The energy drink you’re chugging may not have the caffeine levels you think it does, according to a recent test by Consumer Reports.
Many of the 27 products investigated by the testing group did not disclose caffeine counts – data that is not required by law, according to the magazine’s December issue.
But measurements from Consumer Reports showed a wide range, from 6 milligrams per serving in 5-Hour Energy Decaf to 242 milligrams per serving of 5-Hour Energy Extra Strength.
An average 8-ounce cup of coffee has 100 milligrams. A single serving of basic Red Bull has 83 milligrams; Monster has 92 milligrams.
Research suggests that healthy adults can consume up to 400 milligrams a day, while pregnant women should limit themselves to 200 milligrams and children to between 45 and 85 milligrams.
Consumer Reports found that of the 16 products that included caffeine levels on labels, five overshot the listed amount by more than 20%. Another sample had 70% less caffeine than was advertised on the container.
Many energy drinks were showcased in stores near the soda and juice sections and occasionally at the checkout aisles, but rarely near alcohol, according to the study.
The test results came as federal health officials probe recent reports that, since 2009, five people have died from consuming Monster Beverage Corp.’s energy drinks. The Corona company said it is “unaware of any fatality anywhere that has been caused by its drinks.”

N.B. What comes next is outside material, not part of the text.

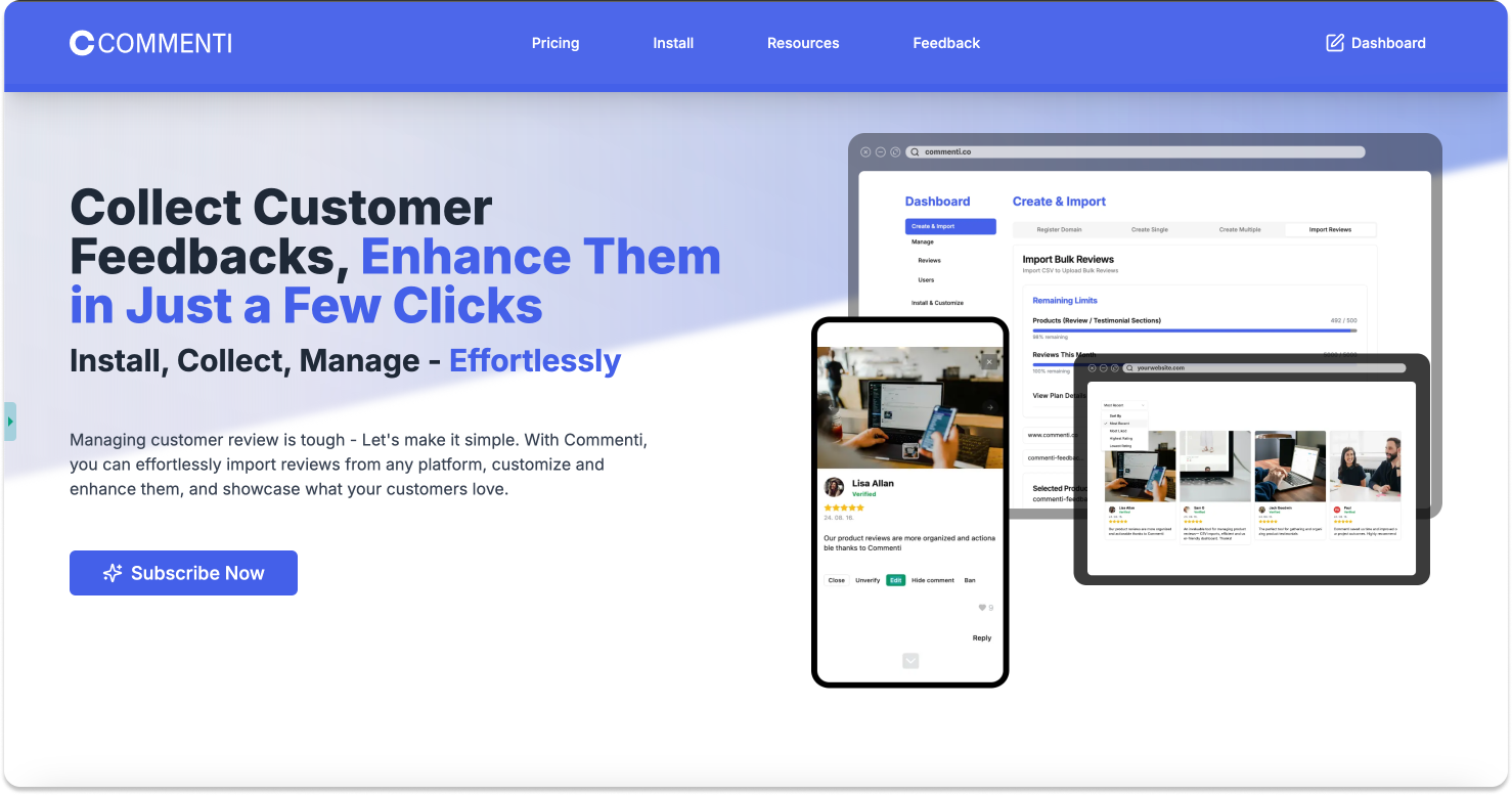 세 가지 이유로 Commenti 프로젝트를 시작했습니다. 첫째로, 실제 시장에서 경쟁할 수 있는 제품을 만들고 싶었습니다. 이전에는 학습을 위한 토이 프로젝트를 주로 진행했지만, 이번에는 검증된 시장에서 의미 있는 도전에 나서고자 했습니다. 둘째로, 1인 개발자가 감당할 수 있는 규모의 아이디어를 찾았습니다. 시장 조사를 통해 온라인 스토어들이 리뷰 시스템에서 겪는 문제—높은 가격, 설치 어려움, 성능 이슈—를 발견했고, 이를 해결하는 '쉽게 부착할 수 있는 리뷰 시스템'을 개발하기로 결정했습니다. 마지막으로, 실제 서비스를 만드는 전 과정을 경험하고 싶었습니다. 데이터베이스 설계부터 API 개발, Paypal을 이용한 결제와 인보이스 자동화까지 풀스택 개발을 경험했고, Shadow DOM 기반의 안전한 위젯을 구현했습니다. 이 과정에서 Supabase, Next.js, React, Vite 등 현대적인 기술 스택을 활용하여 서비스를 구축했습니다. 1인 개발자로서 기획부터 배포, 운영까지 전체 제품 개발 사이클을 경험할 수 있었습니다.

The Consumer Reports study and Monster investigation were cited in a letter from two U.S. senators asking the Food and Drug Administration to address regulatory loopholes and possible health risks related to energy drinks.
On Friday, Sens. Richard J. Durbin (D-Ill.) and Richard Blumenthal (D-Conn.) sent the letter – their third – calling on the agency to look into the industry and its effect on children and teens. The lawmakers also requested more scrutiny of ingredients such as guarana, taurine and ginseng, which are often used in energy drinks.
The letter also sought better guidelines on energy drink classifications, claiming that companies often categorize the products as dietary supplements to skirt regulatory oversight but then market the items as beverages.
Even as caffeine-pumped products such as the AeroShot Energy inhaler spark health concerns, energy drink sales are booming. Last year, they soared nearly 17%, according to industry publication Beverage Digest.
In 2010, Four Loko took caffeine, guarana and taurine out of its alcoholic beverages, reformulating the products "after trying - unsuccessfully - to navigate a difficult and politically-charged regulatory environment at both the state and federal levels," said maker Phusion Projects in a statement.